To be fair, if you launch something like the Pontiac Aztek maybe anticipating 0 demand is the correct choice when attempting to sell an angry kitchen appliance of a car.

Where will your data model break down?

Q: Hey I know we have that inventory column, could we break it out into the different inventory dispositions (Sellable, In transit, and Damaged)?

A: Sure, now our table increases in... width...

Q: Hey I know we have shipments for all of last week, and its only Thursday but I’d really to see what we shipped out Mon/Tues/Wed of this week to see where we are at.

A: We cant really answer that with the demoralized table at the current granularity… even if it was daily we’d probably be waiting on dependencies and wouldn't be able to get back to this person until Friday. Now this ask simply becomes a query against the upstream shipments table for the latest data.

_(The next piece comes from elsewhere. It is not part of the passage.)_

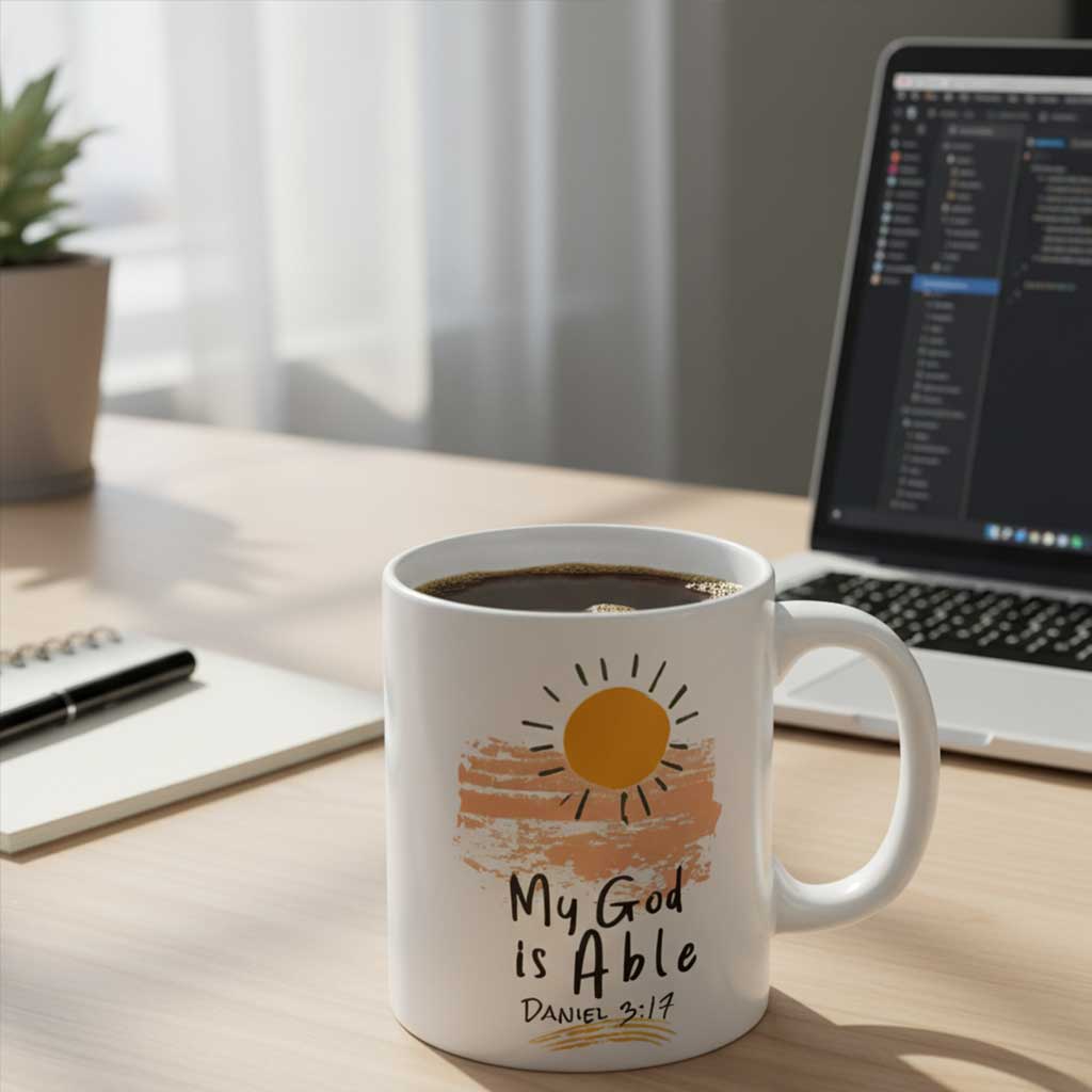 This “My God Is Able – Christian Mug” is a daily reminder of God’s unmatched power and faithfulness, beautifully inspired by Daniel 3:17. This uplifting Christian Mug features a warm sunrise design that symbolizes hope, strength, and unshakable confidence in God’s ability to deliver and provide.

Q: Hey I’m using that wide table you made but I want to see how the descriptions for this product have evolved over time; however, all the descriptions are the same in this table?

A: This question will need to be directed towards another table that contains this info as the denormalized table has been updated to only reflect the latest definition.

Just as with anything there are tradeoffs. Above, I’m posing specifically tricky questions of the table, but it would do extremly well with basic aggregations and reducing the knowledge burden for end users of all the different upstream tables.

I only bring up these points because I think they are relevant to think about when designing how you want to capture your data. Again, there is no right or wrong, it’s simply context/data dependent and the right choice will be different across different teams. However, there is a clear right and wrong when it comes purchasing a Pontiac Aztek; I’ll leave that exercise to the reader.